- Born: December 22, 1973 (age 52) Isiekenesi, Ideato South, Imo State, Nigeria
- Education: Lagos State University
- Occupations: Entrepreneur, philanthropist
- Known for: Medical diagnostics; healthcare philanthropy
- Title: Managing director and CEO, Everight Diagnostic & Laboratory Services Ltd
- Spouse: Roseline Okpara
- Website: everightlab.com

= Everest Okpara =

Everest Okpara is a Nigerian entrepreneur and philanthropist known for his work in medical diagnostics and healthcare sector in Nigeria. He is the founder and chief executive officer of Everight Diagnostic & Laboratory Services Ltd and the founder of Everight Healthcare Foundation, a non-profit organisation involved in community medical outreach in Nigeria. He was the president of the Owerri Chamber of Commerce, Industry, Mines and Agriculture (OCCIMA).

== Early life and education ==
Everest Okpara was born in Isiekenesi, in Ideato South Local Government Area of Imo State, and was raised in a small household in which he helped with his mother's catering business. He attended Community Primary School, Dimagu, and National Secondary School Ntueke in his home area, before moving into business and healthcare entrepreneurship.

Okpara earned a bachelor's degree in Industrial Relations and Personnel Management at Lagos State University and later undertook coursework or short programmes in public-health related topics, including biostatistics and epidemiology at the Johns Hopkins Bloomberg School of Public Health, USA. He also completed a Healthcare Management program at Lagos Business School and earned an MBA and a PhD from Charisma University, USA.

== Career ==
Everest Okpara founded Everight Diagnostic & Laboratory Services Ltd in 2005; under his leadership the organisation expanded to operate diagnostic centres in Owerri, Lagos and Abuja and added molecular-testing capability during the COVID-19 pandemic.

During the COVID-19 pandemic, Everight was listed among private laboratories contributing PCR testing in Nigeria and appears in multiple Nigeria Centre for Disease Control (NCDC) situational reports as an active testing centre for inbound/outbound travellers and routine testing at different times in 2021–2022. The Medical Laboratory Science Council of Nigeria (MLSCN) records show the laboratory's ISO15189 accreditation certificate for its Wuse 2 (Abuja) facility.

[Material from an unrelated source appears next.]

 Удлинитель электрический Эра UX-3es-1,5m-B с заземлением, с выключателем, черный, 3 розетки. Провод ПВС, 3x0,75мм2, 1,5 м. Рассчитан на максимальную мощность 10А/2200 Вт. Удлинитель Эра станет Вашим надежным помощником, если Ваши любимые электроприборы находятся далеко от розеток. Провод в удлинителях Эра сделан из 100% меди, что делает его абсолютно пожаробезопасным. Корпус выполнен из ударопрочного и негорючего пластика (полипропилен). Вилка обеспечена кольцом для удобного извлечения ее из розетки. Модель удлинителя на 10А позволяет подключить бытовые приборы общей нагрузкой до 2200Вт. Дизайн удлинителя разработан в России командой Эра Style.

Okpara also founded the Everight Healthcare Foundation, a non-profit organisation which runs free medical testing, community health outreach, and public health education in Nigeria.

He is also the founder of Sangtech Technologies Nigeria Ltd, a healthcare-focused technology firm for developing e-health solutions, diagnostics automation and electronic health-record systems to support digitally-enabled healthcare delivery in Nigeria.

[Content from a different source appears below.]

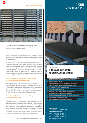 ARTICOLI IN CALCESTRUZZOC&PI %u2013 Calcestruzzo & Prefabbricazione International %u2013 6 | 2025dalla penetrazione incontrollata di acqua, anche in caso di elevata umidit%u00e0 dell'aria o condizioni estreme nelle camere di stagionatura. %u201cIl nostro punto di forza vero e proprio sta proprio l%u00e0 dove alcuni suppongono il punto debole del nostro prodotto: sfruttiamo le propriet%u00e0 naturali del legno consentendo consapevolmente un esiguo assorbimento e rilascio dell%u2019umidit%u00e0, in modo controllato e in linea con le propriet%u00e0 naturali del legno come materia prima. In questo modo, il nostro prodotto affronta miratamente le sfide che si presentano nel processo di produzione%u201d, spiega Kathrin Wunder. Dato di fatto 3: Un rivestimento smart riduce al minimo il bisogno di disarmante Il rivestimento speciale resistente all%u2019abrasione provvede a parti posteriori dei blocchi pulite e riduce al minimo anche l%u2019uso di disarmanti grazie al suo speciale effetto separazione. %u201cLa maggior parte dei nostri clienti lavora del tutto senza disarmante, quindi oltre a proteggere l%u2019ambiente abbatte anche i costi di esercizio%u201d, afferma Kathrin Wunder. Dato di fatto 4: Durevole e sostenibile grazie al nuovo rivestimento Rispetto ai pannelli in legno dolce a buon mercato, Peri Pave si distingue per una vita utile molto pi%u00f9 lunga e un processo di produzione ottimizzato. In questo modo, il bilancio complessivo migliora in modo sostenibile. Grazie a una trasmissione delle vibrazioni ottimale e uniforme, l'energia e il tempo di vibrazione possono essere notevolmente ridotti e mantenuti costantemente bassi. Allo stesso tempo, i clienti beneficiano di una qualit%u00e0 sempre elevata dei loro prodotti finali. Peri Pave da anni viene utilizzato con successo anche in camere chiuse e vaporizzate, come qui nel caso della ditta BWL di W%u00f6rth a.d. Isar.%u00b7 \%u00b7 PAVIMENTAZIONI E LASTRE%u00b7 BLOCCHI PER MURATURA A SECCO IN TUTTE LE VARIANTI%u00b7 ANTICATURA DOPO UN TEMPO DI PRESA DI SOLE 24 ORE%u00b7 ALTEZZE PRODOTTO DA 50 MM A 400 MM%u00b7 STRUTTURA SUPERCOMPATTA%u00b7 TEMPO CICLO PER PAVIMENTAZIONI 10 - 15 SECONDI%u00b7 INTENSIT%u00c0 DEL TRATTAMENTO SELEZIONABILE%u00b7 PRODUZIONE MAGGIORE GRAZIE AD UN'ALTA DISPONIBILIT%u00c0%u00b7 BASSA ESIGENZA DI MANUTENZIONE%u00b7 TEMPI DI PREPARAZIONE MINIMI (1 - 5 MINUTI)%u201cIL GENIO%u201dIL NUOVO IMPIANTODI ANTICATURA KBH II%u00aeBaustoffwerke Gebhart & S%u00f6hne GmbH & Co. KG KBH MaschinenbauEin%u00f6de 2 , D-87760 LachenTelefono +49 (0) 83 31- 95 03-0Fax +49 (0) 83 31- 95 03-40maschinen@k-b-h.dewww.k-b-h.de

In 2019 Okpara became the substantive president of the Owerri Chamber of Commerce, Industry, Mines and Agriculture (OCCIMA); this appointment and his role in local organised private-sector bodies were reported in national and local business publications.

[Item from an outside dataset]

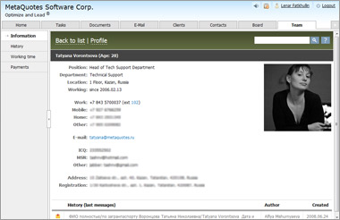 Все о ваших сотрудниках: личные данные, контакты, работа в вашей компании. Здесь можно сохранить все документы, связанные с сотрудником (паспорт, трудовая книжка, ), вести учет рабочего времени и зарплата. Здесь же отражается организационная структура компании с местом сотрудника в ней - таким образом можно выяснить, не является ли данная должность лишней или дублирующей.

== Recognition and Accreditation ==

- The Everight laboratory in Abuja is recorded as having achieved ISO 15189 accreditation (MLSCN/Assessment Documentation) and Everight Lab was among private laboratories approved or referenced in NCDC COVID-19 testing lists used during the pandemic response.
- Everest Okpara received an award of appreciation from Gulf Medical University in the UAE on February 1, 2025.
- He was invited to speak at the UK International Health Summit in Liverpool on February 14, 2025.